The diagnostic performance of the four machine learning algorithms is shown in Table 4 and Figure 3B. The EDLC-TN model demonstrated the highest value for AUC (0.941, 95% CI: 0.935–0.946), which was significantly higher than the other four models (P<0.0001). Also, the EDLC-TN model performed had the highest values for sensitivity (93.77%), specificity (94.44%), and accuracy (98.51%).

Table 4.

Comparison of the diagnostic performance of EDLC-TN with other four state-of-the-art algorithms.

AUC Sensitivity (%) Specificity (%) Accuracy (%)
EDLC-TN 0.941 (0.936–0.946) 93.77 94.44 98.51
ResNeXt 0.882 (0.875–0.889)* 85.53 90.86 82.83
SE_Inception_v4 0.874 (0.866–0.881)* 90.33 84.38 97.12
SE_Net 0.840 (0.832–0.848)* 88.64 79.35 96.52
Xception 0.880 (0.872–0.887)* 84.68 91.26 93.84

EDLC-TN – ensemble deep learning classification model of thyroid nodules; AUC – area under the ROC curve; AUCs of EDLC-TN and other three models were calculated by the method of DeLong et al. P – The difference of AUCs between the EDLC-TN and other four models was compared by Z-test,

*

P<0.05.

Generalizability of EDLC-TN

To investigate the generalizability of EDLC-TN in diagnosis of thyroid cancer, we applied the same deep learning framework to ultrasound images from Peking University BinHai Hospital (Center 4), which were not contained in the training set (Table 1). In this test, the EDLC-TN achieved an accuracy of 95.76%, with a sensitivity of 95.88% and a specificity of 93.75% in differentiating between benign and malignant thyroid nodules. The ROC curve is shown in Figure 3C and the area under the ROC curve of EDLC-TN for diagnosing thyroid cancer was 0.979 (95% CI: 0.958–0.992).

Discussion

Many researchers have made significant contributions to the field of deep learning models for differentiating between benign and malignant thyroid lesions. Xia J et al. [20] proposed an extreme learning machine (ELM) based on ultrasound features, such as composition, echogenicity, margin, shape, and calcification, to classify malignant and benign thyroid nodules and it achieved 87.72% diagnostic accuracy. Liu T et al. [21] used the CNN model learned from ImageNet as a pretrained feature extractor for an ultrasound image dataset. Their experimental results with 1 037 images demonstrated an accuracy of 93.1%. Li et al. [6] also structured an ensemble model for diagnosis of thyroid cancer based on ResNet 50 and Darknet 19. However, the diagnostic accuracy was only 85.7% to 88.9% because the types of two sub-models were similar.

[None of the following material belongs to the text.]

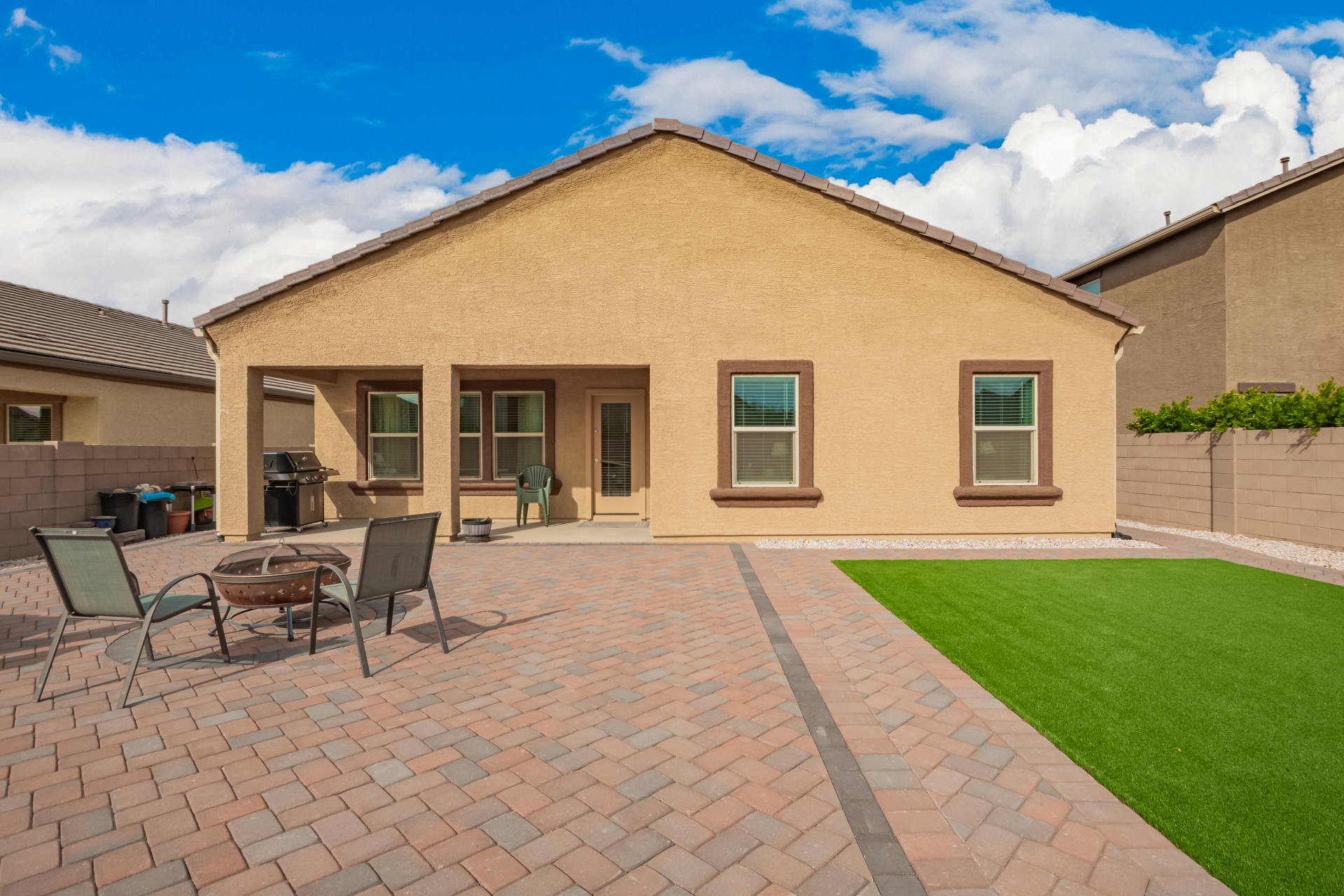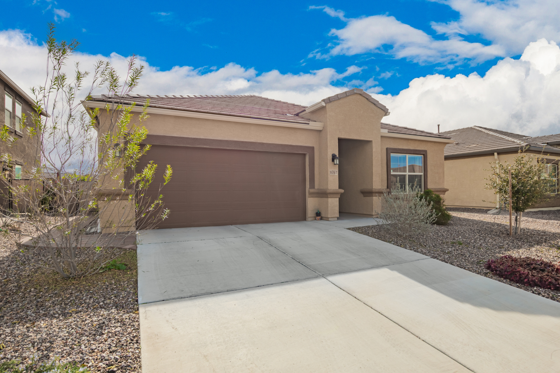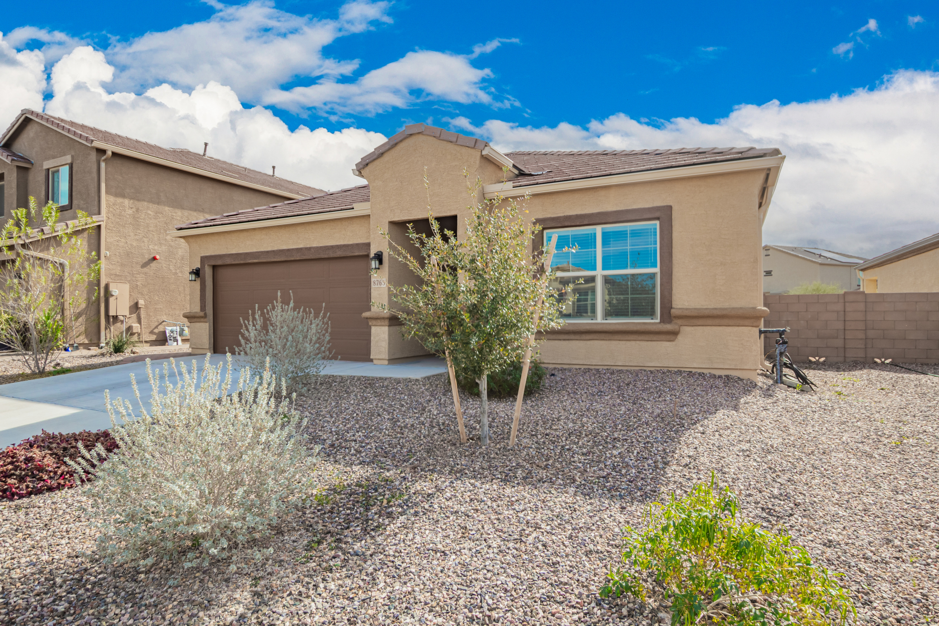 Nestled in the foothills of the Tucson Mountains, this stunning 4-bed residence in Cholla Ridge at Saguaro Bloom offers the perfect blend of luxury & privacy. The home features a desert landscape with auto drip irrigation, covered porch, and 2-car garage. Inside, the sought-after Justin floor plan impresses with abundant natural light, tall ceilings, recessed lighting, 12x24'' tile flooring, and 8' sliding glass patio doors. The kitchen showcases shaker cabinets, granite counters, and SS appliances. The owner's suite includes an ensuite with an executive height dual vanity. The spacious backyard with covered patio & pavers is perfect for outdoor entertaining with no rear neighbors & mountain views. Saguaro Bloom includes clubhouse, two pools, fitness center, splash pad, and much more!

In this study, we proposed a new ensemble deep learning classification model called EDLC-TN for classifying benign and malignant thyroid nodules by ultrasound with evidence from multiple centers. The strengths of EDLC-TN model are fourfold. The core of this method is performing deep learning model training on the basis of segmenting the ROI, which is the area where the thyroid nodule is located. The accuracy of this model is the highest among the state-of-the-art algorithms and other models mentioned above. The accuracy of our model in diagnosing benign and malignant thyroid nodules was higher than that of a single radiologist and the model could help improve the diagnostic accuracy of radiologists. This model represents a generalized platform that can be universally applied to ultrasound images from different medical centers. Moreover, remarkable progress has been made with deep learning in the field of image processing, resulting in mature models of segmentation, localization, and classification for natural images. We used ensemble learning methods to connect the results of multiple models of deep learning. With that method, it was possible to distinguish between malignant and benign nodules with the highest accuracy, in contrast to other advanced deep learning models. The diagnostic performance of the radiologists in diagnosing thyroid cancer can be significantly improved if combined with EDLC-TN. Therefore, it could benefit radiologists in diagnosis to a large extent.

Furthermore, our network is a general platform that can be universally applied to ultrasound images from different medical centers. When applying the EDLC-TN model to ultrasound images from a hospital with totally different types of ultrasound equipment, the EDLC-TN achieved excellent accuracy, sensitivity, and specificity. Even compared to a radiologist’s performance, our model also has advantages. The high accuracy with model in our study suggests that the EDLC-TN model has the potential to effectively learn from different types of medical images with a high degree of generalization. This could benefit screening programs and produce more efficient referral systems in all medical fields, particularly in low-resource or remote areas. The result might a wide-ranging impact on both clinical care and public health.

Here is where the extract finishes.